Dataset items
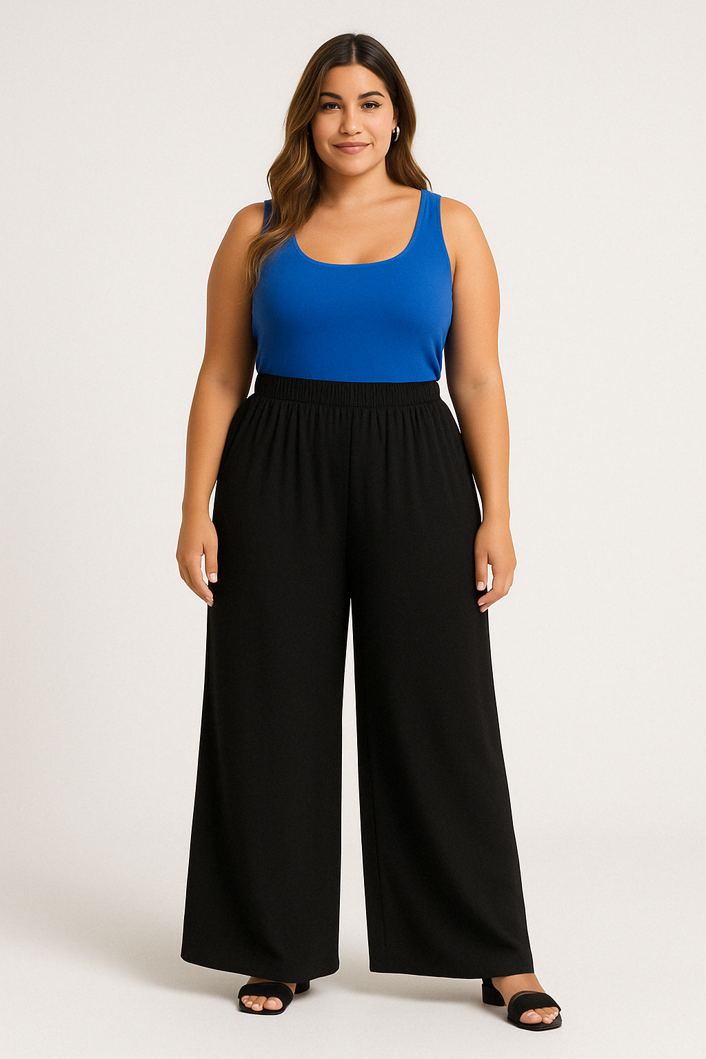 A calça pantalona feminina plus size é uma peça essencial para quem busca estilo e conforto em qualquer ocasião. Com cintura alta e caimento fluido, ela valoriza a silhueta e garante liberdade de movimento, perfeita para o dia a dia ou ocasiões especiais.
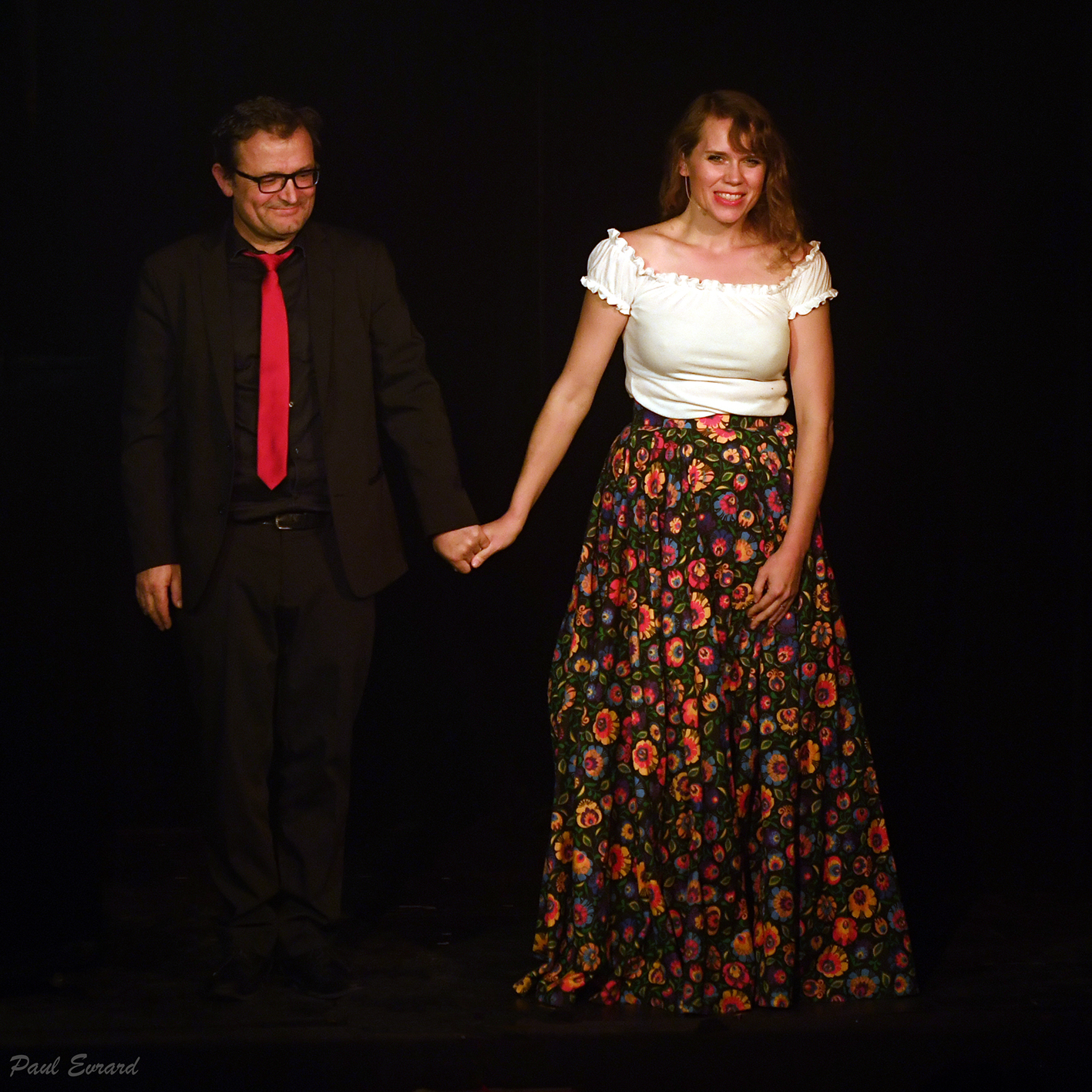 Ainsi cette scénographie de Cabaret fait figure de poudre aux yeux de même que la mise en scène qui met la chanteuse dans un rôle de Vamp : présence fantomatique et exacerbée par un effet dramatique surfait. Les lumières nous ramènent à une ambiance de fête foraine, contradictoire avec l’authenticité pittoresque de Varsovie. Toute la mise en scène est tirée à son extrême – surplus d’accessoires et de costumes qui font office de fausse béquille pour la chanteuse – si bien qu’on finit par se perdre dans ce qui se rapproche d’un hybride entre un show à Las Vegas et un spectacle jeune public (de par cette poésie décortiquée au préalable afin d’être mieux ingurgitée). Nous pouvons cependant témoigner de la technique vocale – bilingue franco-polonaise – d’Adamusinska et sa complicité avec le public.
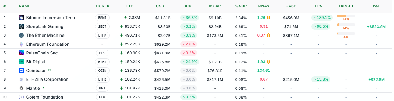 샤프링크 게이밍(SBET)은 83만8730 ETH(약 35억 달러)를 보유하며 2위를, 더 이더 머신(ETHM)은 49만6710 ETH(약 20억7000만 달러)를 보유하며 3위를 유지하고 있다.
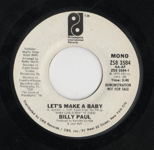 Billy Paul Let's Make A Baby USED VINYL 7INCH 45 RPM SINGLE PROMO STEREO MONO
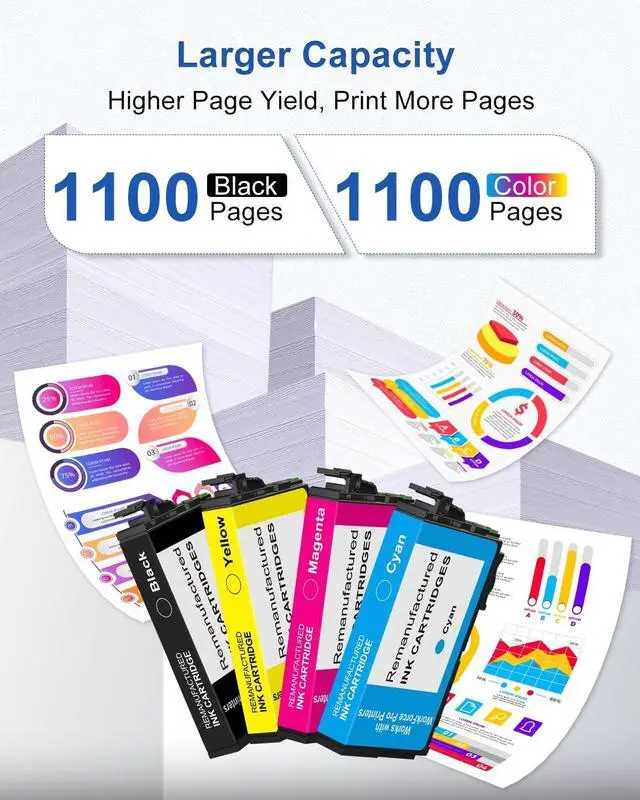 Printing Capacity: 1100 pages with each black ink; 1100 pages with each color ink (depends on printer and usage) ^^ Engineered with smart chips for seamless integration with your replacement for epson 822xl ink cartridges combo pack for workforce printer. This enables fast recognition, real-time ink level tracking and reliable, high-quality printing to fulfill all your tasks ^^ Unlock brilliant, high-quality prints with our premium replacement for epson ink 822xl. Engineered for easy installation and strong compatibility, they consistently produce vibrant colors and razor-sharp text, giving your documents and photos a professional finish ^^
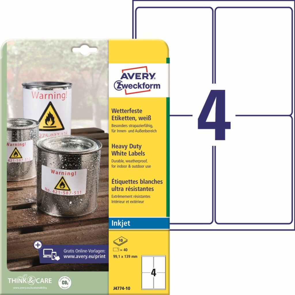 Odolné samolepící Inkjet etikety Avery Zweckform J4774-10 do náročných venkovních podmínek. Ideální na trvalé a dlouhodobé značení, vnitřní i venkovní označování předmětů, výrobků, majetku, skladových regálů, palet atd. Vysoká a stálá lepivost na nejrůznějších typech povrchů. Bílé polyesterové etikety jsou odolné vůči stříkající vodě, nečistotám, mastnotě, roztržení, UV záření a teplotám od -20°C do +80°C. Při tisku se můžete spolehnout na plynulý průjezd archů tiskárnou bez uvíznutí a ostrý tiskový výstup, který se díky vynikajícímu přilnutí tonerového prášku nerozmazává. Počasí odolné inkjet štítky Avery Zweckform J4774-10 jsou vhodné pro všechny běžné inkoustové tiskárny.
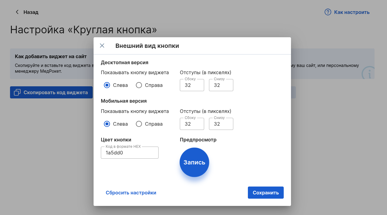 При возникновении трудностей во время настройки виджета, обратитесь к вашему персональному менеджеру МедРокет.
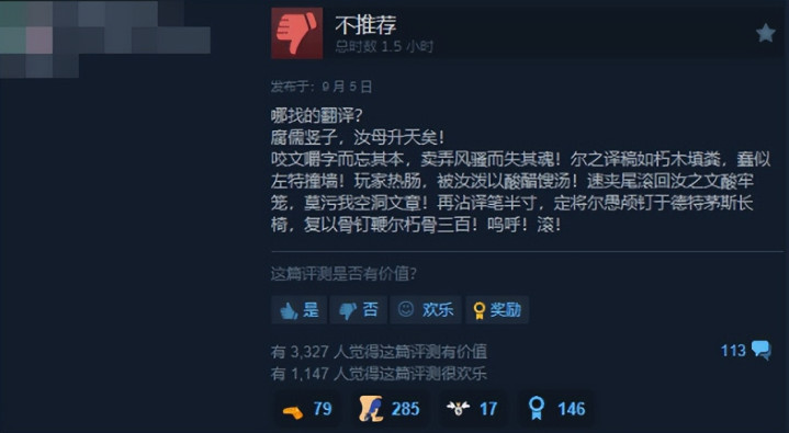 但不少玩家并不买账,表示如果后续不推翻重译,很可能继续刷差评。

Your objective
Restate the entries above word for word, minus the pictures.

Answer to this task
 A calça pantalona feminina plus size é uma peça essencial para quem busca estilo e conforto em qualquer ocasião. Com cintura alta e caimento fluido, ela valoriza a silhueta e garante liberdade de movimento, perfeita para o dia a dia ou ocasiões especiais.
 Ainsi cette scénographie de Cabaret fait figure de poudre aux yeux de même que la mise en scène qui met la chanteuse dans un rôle de Vamp : présence fantomatique et exacerbée par un effet dramatique surfait. Les lumières nous ramènent à une ambiance de fête foraine, contradictoire avec l’authenticité pittoresque de Varsovie. Toute la mise en scène est tirée à son extrême – surplus d’accessoires et de costumes qui font office de fausse béquille pour la chanteuse – si bien qu’on finit par se perdre dans ce qui se rapproche d’un hybride entre un show à Las Vegas et un spectacle jeune public (de par cette poésie décortiquée au préalable afin d’être mieux ingurgitée). Nous pouvons cependant témoigner de la technique vocale – bilingue franco-polonaise – d’Adamusinska et sa complicité avec le public.
 샤프링크 게이밍(SBET)은 83만8730 ETH(약 35억 달러)를 보유하며 2위를, 더 이더 머신(ETHM)은 49만6710 ETH(약 20억7000만 달러)를 보유하며 3위를 유지하고 있다.
 Billy Paul Let's Make A Baby USED VINYL 7INCH 45 RPM SINGLE PROMO STEREO MONO
 Printing Capacity: 1100 pages with each black ink; 1100 pages with each color ink (depends on printer and usage) ^^ Engineered with smart chips for seamless integration with your replacement for epson 822xl ink cartridges combo pack for workforce printer. This enables fast recognition, real-time ink level tracking and reliable, high-quality printing to fulfill all your tasks ^^ Unlock brilliant, high-quality prints with our premium replacement for epson ink 822xl. Engineered for easy installation and strong compatibility, they consistently produce vibrant colors and razor-sharp text, giving your documents and photos a professional finish ^^
 Odolné samolepící Inkjet etikety Avery Zweckform J4774-10 do náročných venkovních podmínek. Ideální na trvalé a dlouhodobé značení, vnitřní i venkovní označování předmětů, výrobků, majetku, skladových regálů, palet atd. Vysoká a stálá lepivost na nejrůznějších typech povrchů. Bílé polyesterové etikety jsou odolné vůči stříkající vodě, nečistotám, mastnotě, roztržení, UV záření a teplotám od -20°C do +80°C. Při tisku se můžete spolehnout na plynulý průjezd archů tiskárnou bez uvíznutí a ostrý tiskový výstup, který se díky vynikajícímu přilnutí tonerového prášku nerozmazává. Počasí odolné inkjet štítky Avery Zweckform J4774-10 jsou vhodné pro všechny běžné inkoustové tiskárny.
 При возникновении трудностей во время настройки виджета, обратитесь к вашему персональному менеджеру МедРокет.
 但不少玩家并不买账,表示如果后续不推翻重译,很可能继续刷差评。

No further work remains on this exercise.